Vector-virus interaction affects viral loads and co-occurrence

Background: Vector-borne viral diseases threaten human and wildlife worldwide. Vectors are often viewed as a passive syringe injecting the virus. However, to survive, replicate and spread, viruses must manipulate vector biology. While most vector-borne viral research focuses on vectors transmitting a single virus, in reality, vectors often carry diverse viruses. Yet how viruses affect the vectors remains poorly understood. Here, we focused on the varroa mite (Varroa destructor), an emergent parasite that can carry over 20 honey bee viruses, and has been responsible for colony collapses worldwide, as well as changes in global viral populations. Co-evolution of the varroa and the viral community makes it possible to investigate whether viruses affect vector gene expression and whether these interactions affect viral epidemiology. Results: Using a large set of available varroa transcriptomes, we identified how abundances of individual viruses affect the vector's transcriptional network. We found no evidence of competition between viruses, but rather that some virus abundances are positively correlated. Furthermore, viruses that are found together interact with the vector's gene co-expression modules in similar ways, suggesting that interactions with the vector affect viral epidemiology.

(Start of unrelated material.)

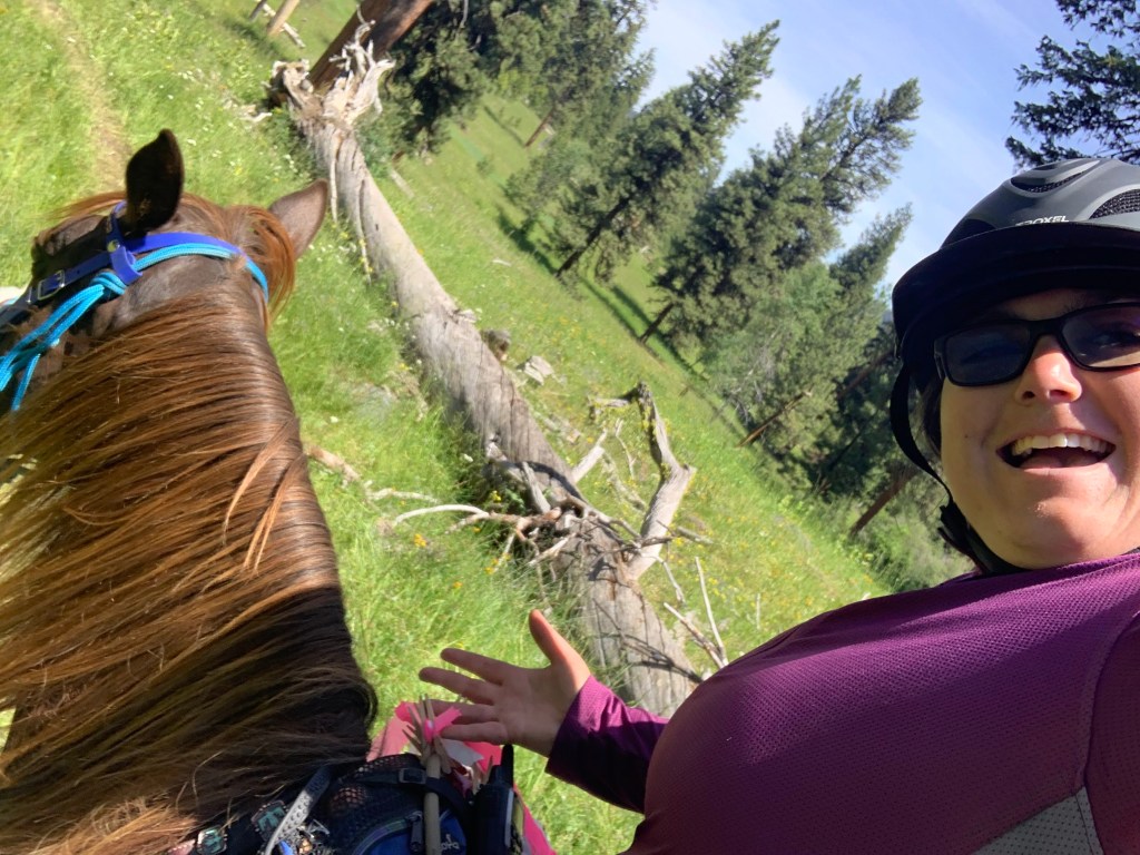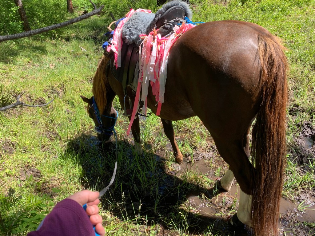 On one of the last, steepest hills, we almost had a moment. After roughly 8 miles of ribbons being stuck everywhere, half way down a super steep hill Tarma caught them out of the corner of her eye and froze, in that pre-bolt that all horse riders recognize. In the space of a breath, I swear I heard Tarma’s thoughts. “I can’t flip out here, we’ll die. Well, hell, let’s keep going and I can freak later!” Thankfully we made it down the hill and she kept going, but it’s one of those moments you can’t manage and no piece of tack will make a difference, just training and hours of work and relationship building with each other.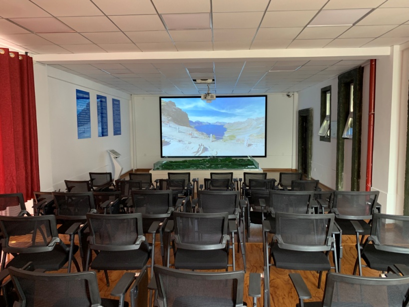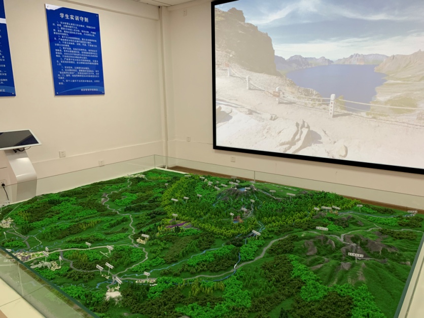 2019年9月长白山电子沙盘实训室建成并投入使用。长白山全景电子沙盘实训室,建筑面积120平方米,可容纳学生35人,为开放式实训室。实训室由塑模实体沙盘,正投与顶投工程投影仪、硬屏、专业解说宣传片、中控系统、投影软件以及触摸一体机组成。本实训室可承担《旅游景区管理》、《中国旅游地理》、《吉林导游》、《景区规划与管理》等课程的实训,实训室全真模拟长白山实地景观和风土人情,打破传统的重理论讲解轻实践实训的教学方式,通过视频和沙盘投影使学生更加直观全面的了解长白山的地形地貌、植被、景点、景区规划等,培养学生掌握长白山景区讲解、服务与接待能力,提高学生服务地方旅游经济的能力。

We experimentally validated this observation by silencing candidate genes using RNAi and found that the reduction in varroa gene expression was accompanied by a change in viral load. Conclusions: Combined, the meta-transcriptomic analysis and experimental results shed light on the mechanism by which viruses interact with each other and with their vector to shape the disease course.

Automated summary

The study investigates how viruses interact with their vector, the varroa mite, and how these interactions affect viral epidemiology. Through transcriptomic analysis and experimental validation, it is found that virus abundances are positively correlated and viruses that coexist interact with the vector's gene co-expression modules in a similar way. Furthermore, silencing candidate genes leads to a reduction in varroa gene expression and a change in viral load.